ICFA SCIC Dec '01 Meeting, CERN, Geneva

Author: Les Cottrell. Created: December 8

XIWT | IEPM | PingER | Tutorial

Attendees: 

Harvey Newman Caltech), Dean Karlen (Carleton), Richard Hughes Jones (Manchester), Denis Langlin (IN2P3), Manuel Delfino (CERN), Slava Ilyin (MSU), Matthias Kaseman (FNAL), Michael Ernst (DESY)

Introduction

ICFA chairman wants the SCIC to continue, Mathias has asked to be relieved from the chairmanship. The ICFA chair asked for input & suggestions and agreed to Harvey Newman to be the new chair. The official changeover will be Feb 14-15 at the ICFA meeting at SLAC. ICFA wants the SCIC to also give a short interim status report at the SLAC meeting. An important part of the SCIC mandate is to also look to the poorer connected HEP collaborator countries.

Update on US connectivity from CHEP - Harvey

Large amounts (many hundreds of TBytes already (BaBar > 400TB)) of data and data Grids are emerging.  By 2005 major Labs will need 2.5 - 10Gbits/s. The model for HEP computing is based on hierarchical tiers (tier 0 for Lab, tier 1 major region/country computer centers, then to institutions, then to departments and then to users). Upgrades are quickly utilized, typically within a month of installation it gets heavy use.

HEP plan for bandwidth FY2001 thru FY2006 can be found at http://gate.hep.anl.gov/lprice/TAN. CERN 155Mbps to 2*155Mbps this year (2001), 622 Mbps in April 2002. DataTAG 2.5 Gbps research link in Summer 2002, 10Gbps research link in 2003 or 2004. Big surprise in drawing up the TAN review was that stated requirements were bigger than expected. In particular the reality for BaBar distributing data to IN2P3 was much greater and earlier than expected. Big effect was the cost of people and the need to actually really make them effective collaborators. The need was for bandwidth to effectively use these people, while at the same time the cost of bandwidth was dropping and the cost for people was increasing.

In the Hoffman report, network requirements are dominated by the high performance sites, but are well ordered and very conservative (lot of potential for growth). Even for remote interactive sessions there are large requirements, and the stated requirements were restricted (e.g. only 30 interactive active sessions).

To indicate that these numbers for HEP are in line with the rest of the Internet, the growth of US Internet traffic has been 2.8 times per year and now has grown to a factor of 4 per year. By 2010 this corresponds to 10Pbps. One of the possible drivers (according to one Internet expert) for the need for the bandwidth is an Internet  TV channel per person in 2006 in the 1st world. Another confirmation is that the Amsterdam Exchange bandwidth has grown by a factor of 4 in the last year. Such growths in backbone bandwidths require a large investment in local infrastructure also.

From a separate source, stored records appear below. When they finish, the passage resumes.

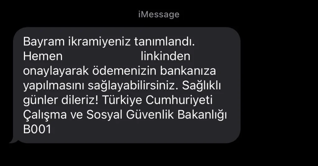 BİNGÖL GÜNCEL TV - Dolandırıcılar, emeklilere bayram ikramiyelerinin tanımlandığını belirten, "Çalışma ve Sosyal Güvenlik Bakanlığı" ibaresi taşıyan sahte SMS'ler gönderiyor. Bu mesajlarla birlikte, vatandaşların cep telefonlarına sızarak kişisel veri ve banka hesap bilgilerine erişmeye çalışıyorlar.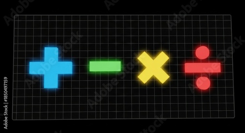 Obraz premium Colorful neon mathematical symbols on a grid background emphasizing basic arithmetic operations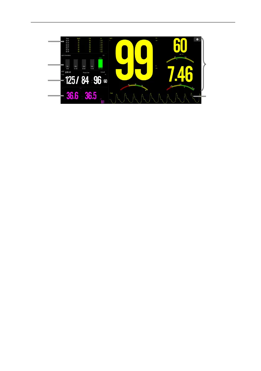3. NIBP parameter area: Display the measurement value and alarm limit of NIBP.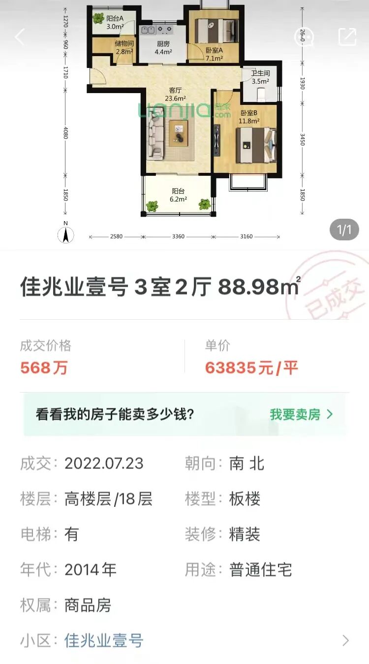 建面约134平3房

In the last year for transatlantic links bandwidth has gone up by factors of 3 to 16. Sylvain Revot has achieved 120Mbps between CERN and Caltech. He applied a modification to the Linux kernel to improve the behavior of the TCP slow start algorithm.

There is an Internet 2 HENP network working group. One issue is a new concept of fairness. Very low loss is required  e.g. to get 1Gbps LA CERN need 7*10^-7 loss rate. Problems at high speed include firewalls, router and other interface costs, TCP, losses, error rates etc.

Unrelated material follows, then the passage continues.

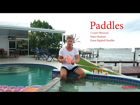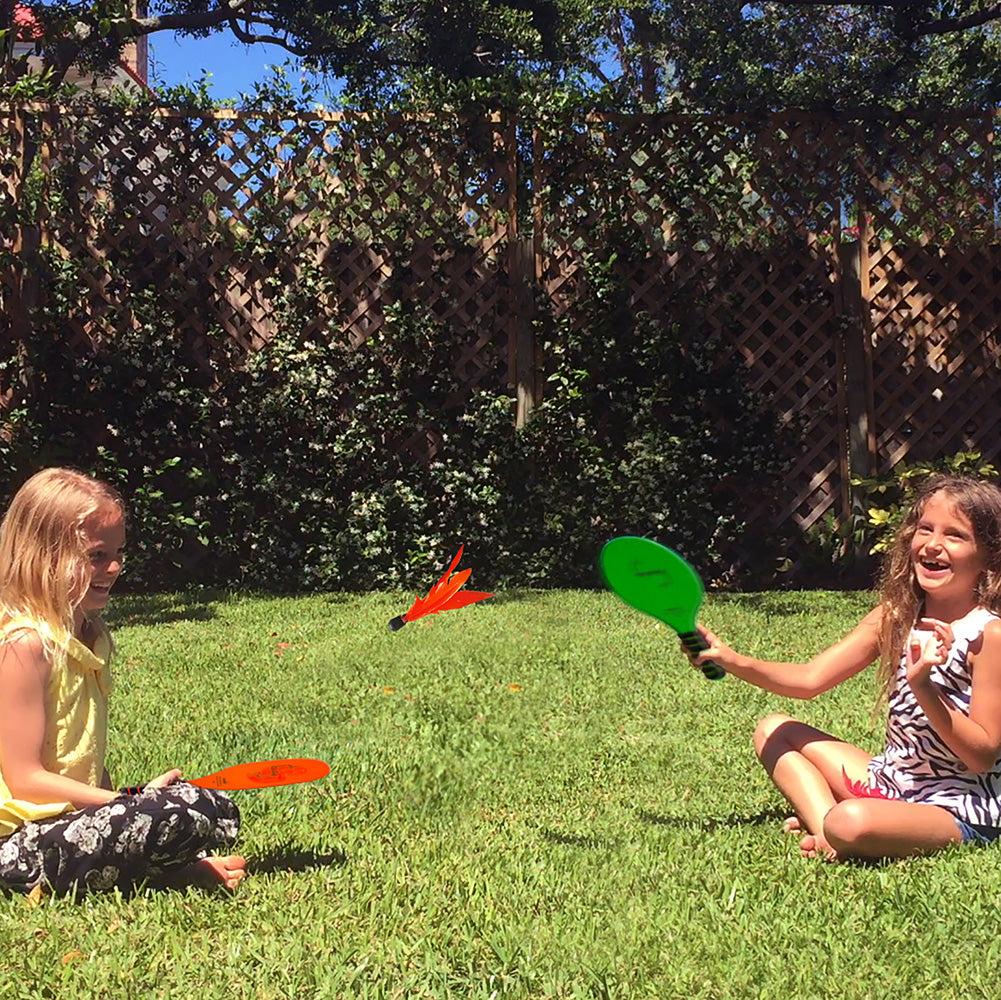 Indoors or out, this game will get everyone up and moving, away from the TV, phone and video game screens. Competitive or casual play are both fun and challenging; choose your birdie for slow, fast, or LED-lit evening play. Friendly for beginners and experts, it's beautifully designed, and the largest paddleball set on the market. Set includes 2 fluorescent wood paddles with soft foam grips, 2 balls, 1 fast-play and 2 slow-play shuttlecocks, 2 LED nighttime birdies, 1 wind birdie and a durable carrying bag that holds it all. Play over a net (not included) or even at the beach, because they float, too! 2 cell batteries included.

Abilene has a 2.5 Gbps backbone, and reaches 50 states. The partnership with QWest is extended through 2006. The backbone will be extended to 10Gbps by 2003. Internet 2 has proposed 100 wavelengths for research. Engineering staff are very helpful, open and willing to work with advanced users.  One fiber can hold 160 wavelengths at 10Gbps each.

ESnet has had a plan in place which is slower than other developments (e.g. Internet 2) and in particular does not meet HENP growth needs. They will need to evolve quickly to keep up with Internet 2 and also HENP and other user needs.

Wireless is evolving quickly to higher bandwidth. The Isle of Man is now deploying 3G phones (as of yesterday) and 3G phone will in turn drive IPv6 to meet the needs of  addressing.

We will need working groups within experiments to address networking needs. Need to start applying the Grid prototypes to actual experiments.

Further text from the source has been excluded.